■ **Exercise**
Return the entries that follow exactly, with no images.

■ **Input material**
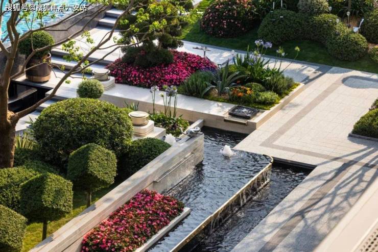 泳池西侧,一座由香槟金金属与美国灰麻石材打造的对称式景观廊架巍然矗立,成为整个水景的尊贵焦点。
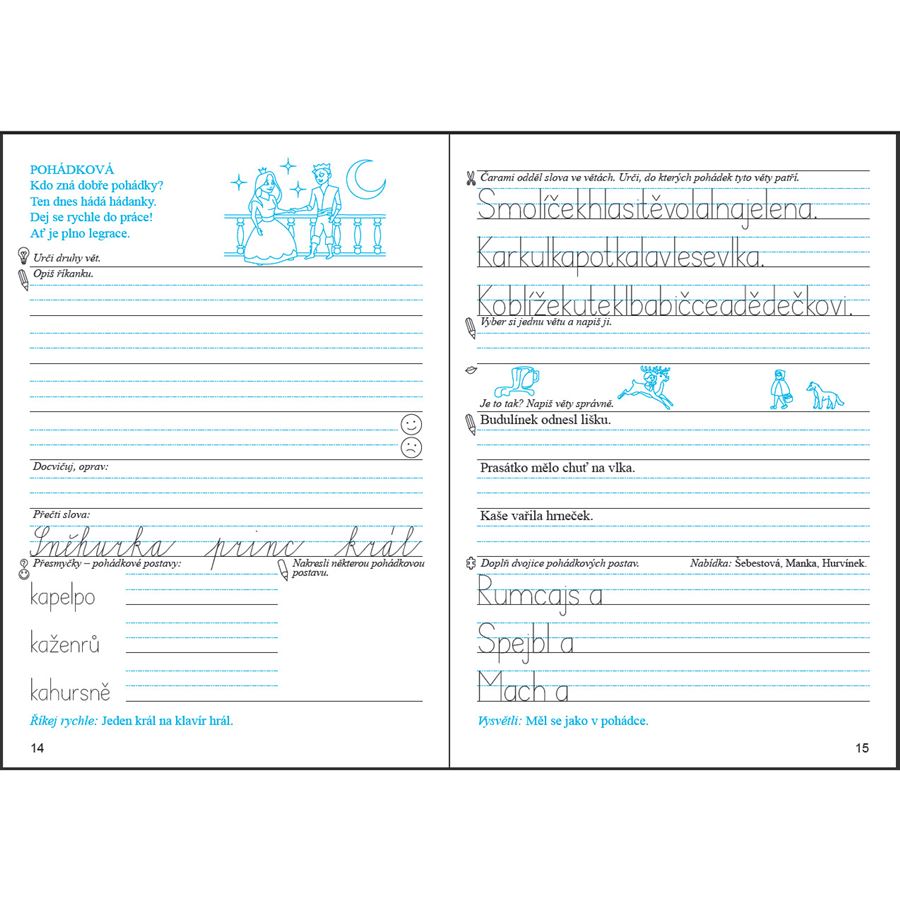 V této písance se procvičuje psaní slov, vět a nacvičuje se přepis krátkých textů nevázaným písmem. Jednotlivé úkoly podporují zvýšenou pozornost žáků při psaní a rozvíjejí jejich uvažování. Napomáhají také k uvědomování si toho, co žáci píší, a zlepšují porozumění čtenému a psanému textu. Písanka je doplněna různými úkoly, rébusy a hádankami. Na každé dvoustraně je jednak jazykolam k procvičení výslovnosti, jednak přirovnání, které slouží k rozvoji schopností porozumět textu, vyjadřování žáků a dalšího širšího chápání jazyka. Písanka obsahuje prvky sebehodnocení a prvky práce s chybou. Mezipředmětově je propojena s učivem českého jazyka a prvouky. Žáci v písance procvičují čtení písmen, slov a krátkých vět psaných vázaným písmem. Cílem ovšem není, aby žáci tyto tvary psali. Utvářejí si tak postupně dovednost číst text napsaný vázaným písmem.
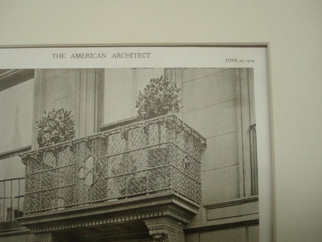 Messrs. Richardson, Barott & Richardson, architect(s). From the American Architect and Building News, June 30, 1909. 8.5 by 12 inches. VG+ condition with browning around the edges and light crinkling.
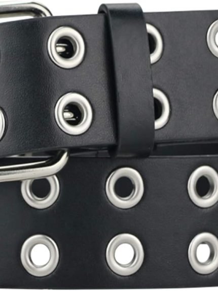 Grommet Leather Belts for Women, Black Belt Women Men with Double Holes
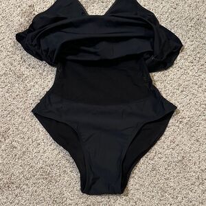Amazing SWIM piece!! It naturally runs small and sucks you in it creating smooth lines! Great condition… only worn twice. Very comfortable and I got so many compliments! CLEAN. No balling, snags or pulls. There are spanx built in under the dress. Padded top and tie back with a little subtle sparkle! Look fabulous in this piece at the next pool party!
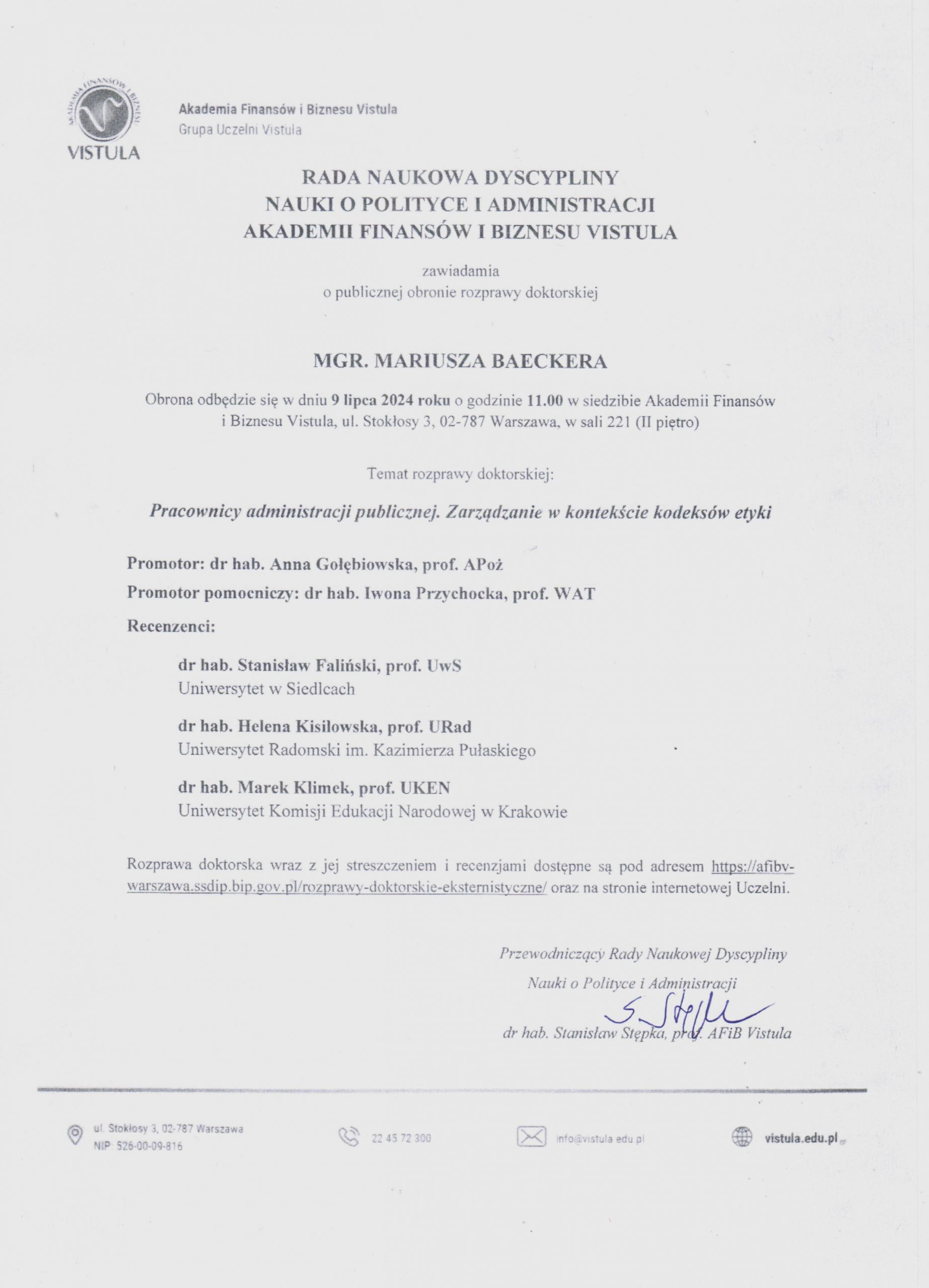 W sprawie postępowania o nadanie stopnia doktora w dyscyplinie nauki o polityce i administracji, prosimy o kontakt mailowy na adres nauka@vistula.edu.pl.Jednocześnie uprzejmie przypominamy zainteresowanym osobom, że zgodnie z ustawą Prawo o Szkolnictwie Wyższym i Nauce, przewody doktorskie wszczęte na zasadach obowiązujących przed wejściem w życie nowej ustawy, należy zakończyć przed 31 grudnia 2024 r. Przewody niesfinalizowane do tego dnia zostaną zamknięte.
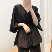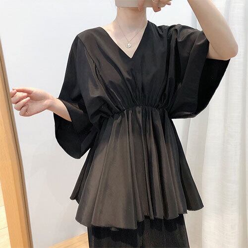 ブラウス レディース Vネック 半袖 トップス シフォンブラウス ギャザー カジュアル きれいめ RB-R3-04-SA03-0088
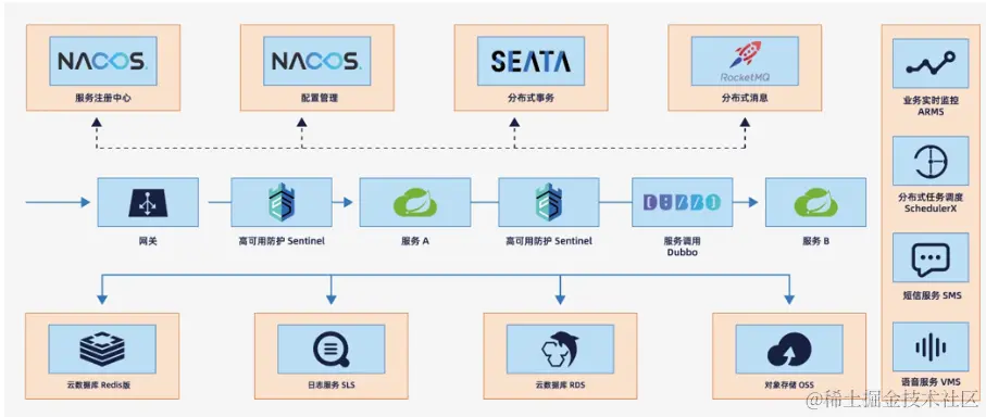 - 微服务通信:在SpringCloud Alibaba中支持RPC与RESTful两种方案,对应的产品为Dubbo与OpenFeign。

■ **Result of the exercise**
 泳池西侧,一座由香槟金金属与美国灰麻石材打造的对称式景观廊架巍然矗立,成为整个水景的尊贵焦点。
 V této písance se procvičuje psaní slov, vět a nacvičuje se přepis krátkých textů nevázaným písmem. Jednotlivé úkoly podporují zvýšenou pozornost žáků při psaní a rozvíjejí jejich uvažování. Napomáhají také k uvědomování si toho, co žáci píší, a zlepšují porozumění čtenému a psanému textu. Písanka je doplněna různými úkoly, rébusy a hádankami. Na každé dvoustraně je jednak jazykolam k procvičení výslovnosti, jednak přirovnání, které slouží k rozvoji schopností porozumět textu, vyjadřování žáků a dalšího širšího chápání jazyka. Písanka obsahuje prvky sebehodnocení a prvky práce s chybou. Mezipředmětově je propojena s učivem českého jazyka a prvouky. Žáci v písance procvičují čtení písmen, slov a krátkých vět psaných vázaným písmem. Cílem ovšem není, aby žáci tyto tvary psali. Utvářejí si tak postupně dovednost číst text napsaný vázaným písmem.
 Messrs. Richardson, Barott & Richardson, architect(s). From the American Architect and Building News, June 30, 1909. 8.5 by 12 inches. VG+ condition with browning around the edges and light crinkling.
 Grommet Leather Belts for Women, Black Belt Women Men with Double Holes
Amazing SWIM piece!! It naturally runs small and sucks you in it creating smooth lines! Great condition… only worn twice. Very comfortable and I got so many compliments! CLEAN. No balling, snags or pulls. There are spanx built in under the dress. Padded top and tie back with a little subtle sparkle! Look fabulous in this piece at the next pool party!
 W sprawie postępowania o nadanie stopnia doktora w dyscyplinie nauki o polityce i administracji, prosimy o kontakt mailowy na adres nauka@vistula.edu.pl.Jednocześnie uprzejmie przypominamy zainteresowanym osobom, że zgodnie z ustawą Prawo o Szkolnictwie Wyższym i Nauce, przewody doktorskie wszczęte na zasadach obowiązujących przed wejściem w życie nowej ustawy, należy zakończyć przed 31 grudnia 2024 r. Przewody niesfinalizowane do tego dnia zostaną zamknięte.
 ブラウス レディース Vネック 半袖 トップス シフォンブラウス ギャザー カジュアル きれいめ RB-R3-04-SA03-0088
 - 微服务通信:在SpringCloud Alibaba中支持RPC与RESTful两种方案,对应的产品为Dubbo与OpenFeign。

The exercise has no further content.